Creating median+MAD profiles
- Bioactives-BBBC022-Gustafsdottir :
parallel -j 1 './profile_trad.R --name=Bioactives-BBBC022-Gustafsdottir --batch=BBBC022_2013 --plate={1} --operation="median+mad" --col="Metadata_broad_sample" --value="DMSO" --cores=2 --feats="../input/feature_list_BBBC022.txt"' :::: ../input/processed_plates_BBBC022.txt
- TA-ORF-BBBC037-Rohban :
parallel -j 1 './profile_trad.R --name=TA-ORF-BBBC037-Rohban --batch=SIGMA2_Pilot_2013_10_11 --plate={1} --operation="median+mad" --col="Metadata_ASSAY_WELL_ROLE" --value="Untreated" --cores=2 --feats="../input/feature_list.txt"' :::: ../input/processed_plates_TA.txt
- CDRPBIO-BBBC036-Bray :
parallel -j 1 './profile_trad.R --name=CDRPBIO-BBBC036-Bray --batch=CDRP --plate={1} --operation="median+mad" --col="Metadata_broad_sample" --value="DMSO" --cores=2 --feats="../input/feature_list.txt"' :::: ../input/processed_plates_CDRP_bio.txt
Creating cov. profiles
- Bioactives-BBBC022-Gustafsdottir :
rm ../input/random_projection_unified.rds
mv ../input/random_projection_unified_BBBC022.rds ../input/random_projection_unified.rds
parallel -j 1 './profile.R --name=Bioactives-BBBC022-Gustafsdottir --batch=BBBC022_2013 --plate={1} --dim=3000 --rdensity=0.1 --core=2 --col=Metadata_broad_sample --value="DMSO" --feats="../input/feature_list_BBBC022.txt"' :::: ../input/processed_plates_BBBC022.txt
- TA-ORF-BBBC037-Rohban :
parallel -j 1 './profile.R --name=TA-ORF-BBBC037-Rohban --batch=SIGMA2_Pilot_2013_10_11 --plate={1} --dim=3000 --rdensity=0.1 --core=2 --col=Metadata_ASSAY_WELL_ROLE --value="Untreated" --feats="../input/feature_list.txt"' :::: ../input/processed_plates_TA.txt
- CDRPBIO-BBBC036-Bray :
parallel -j 1 './profile.R --name=CDRPBIO-BBBC036-Bray --batch=CDRP --plate={1} --dim=3000 --rdensity=0.1 --core=2 --col=Metadata_broad_sample --value="DMSO" --feats="../input/feature_list.txt"' :::: ../input/processed_plates_CDRP_bio.txt
Creating Factor Analysis profiles and their correlation matrices
- Bioactives-BBBC022-Gustafsdottir :
./sample_dmso.R --name=Bioactives-BBBC022-Gustafsdottir --batch=BBBC022_2013 --plate="../input/processed_plates_BBBC022.txt" --feats="../input/feature_list_BBBC022.txt" --col="Metadata_broad_sample" --value="DMSO"

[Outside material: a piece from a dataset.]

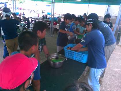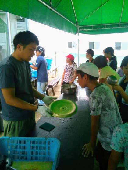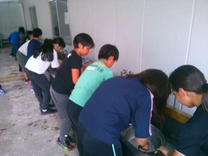 自分たちが使った鍋や飯ごう、食器などの洗い物をがんばっています。
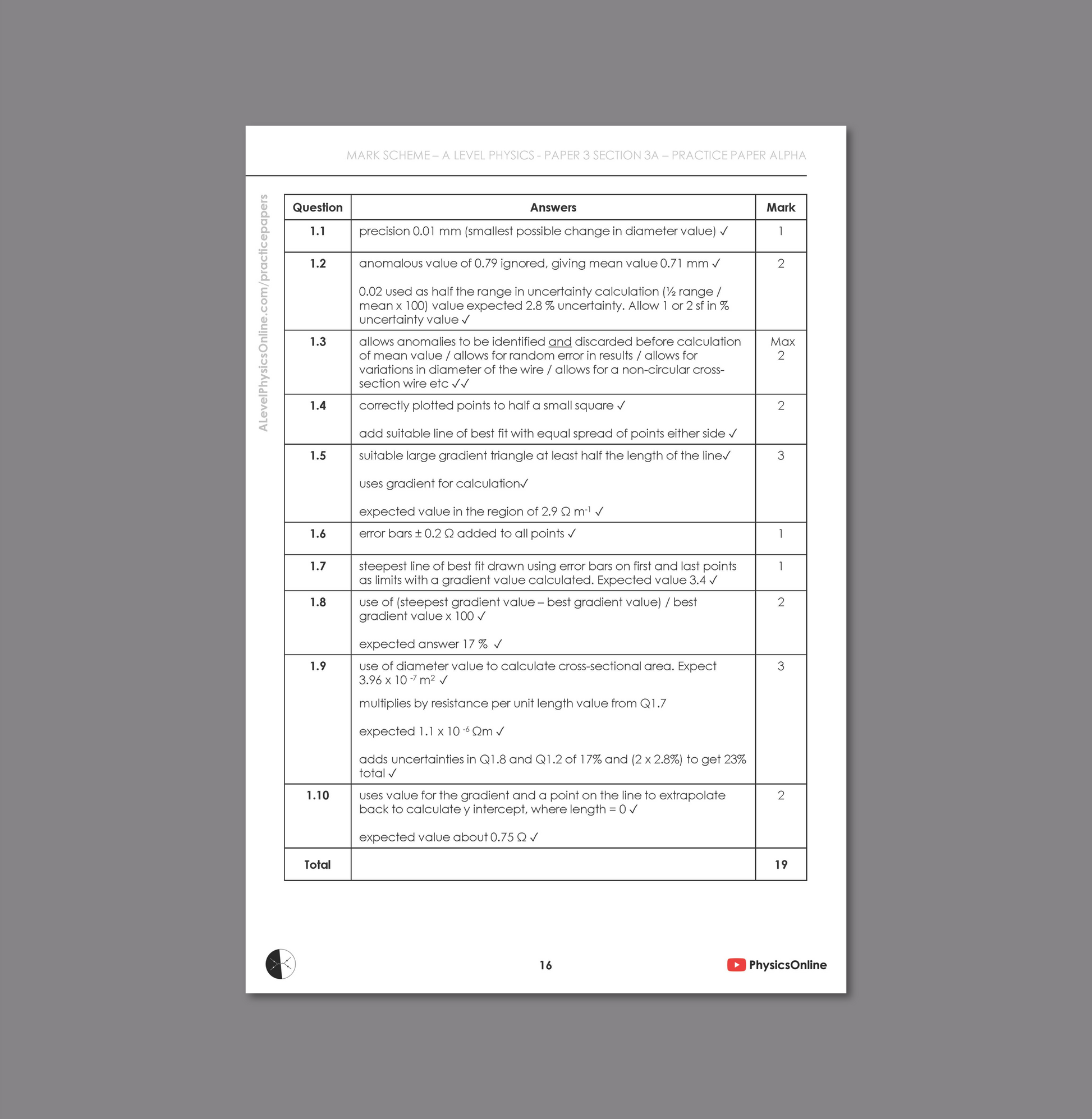 AQA A Level Paper 3 Section A covers the practical side of the A Level Physics exams and is often the hardest type of question paper to find extra examples of.

./profile_factor_analysis.R --name=Bioactives-BBBC022-Gustafsdottir --batch=BBBC022_2013 --plate="../input/processed_plates_BBBC022.txt" --feats="../input/feature_list_BBBC022.txt" --col="Metadata_broad_sample" --value="DMSO"
./evaluate_factor_analysis.R --name=Bioactives-BBBC022-Gustafsdottir --batch=BBBC022_2013 --plate="../input/processed_plates_BBBC022.txt" --feats="../input/feature_list_BBBC022.txt" --meta="../input/metadata_BBBC022.csv" --col="Metadata_broad_sample" --value="DMSO"
- TA-ORF-BBBC037-Rohban :
./sample_dmso.R --name=TA-ORF-BBBC037-Rohban --batch=SIGMA2_Pilot_2013_10_11 --plate="../input/processed_plates_TA.txt" --feats="../input/feature_list.txt" --col="Metadata_ASSAY_WELL_ROLE" --value="Untreated"

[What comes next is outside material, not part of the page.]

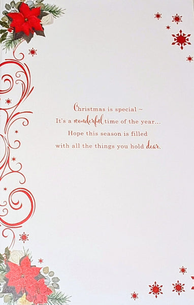 A large size Christmas card. To a special friend. A superb quality card With a full colour 8 page insert and a lovely verse over the 8 pages

./profile_factor_analysis.R --name=TA-ORF-BBBC037-Rohban --batch=SIGMA2_Pilot_2013_10_11 --plate="../input/processed_plates_TA.txt" --feats="../input/feature_list.txt" --col="Metadata_ASSAY_WELL_ROLE" --value="Untreated"
./evaluate_factor_analysis.R --name=TA-ORF-BBBC037-Rohban --batch=SIGMA2_Pilot_2013_10_11 --plate="../input/processed_plates_TA.txt" --feats="../input/feature_list.txt" --meta="../input/metadata_TA.csv" --col="Metadata_ASSAY_WELL_ROLE" --value="Untreated"
- CDRPBIO-BBBC036-Bray :
./sample_dmso.R --name=CDRPBIO-BBBC036-Bray --batch=CDRP --plate="../input/processed_plates_CDRP_bio.txt" --feats="../input/feature_list.txt" --col="Metadata_broad_sample" --value="DMSO"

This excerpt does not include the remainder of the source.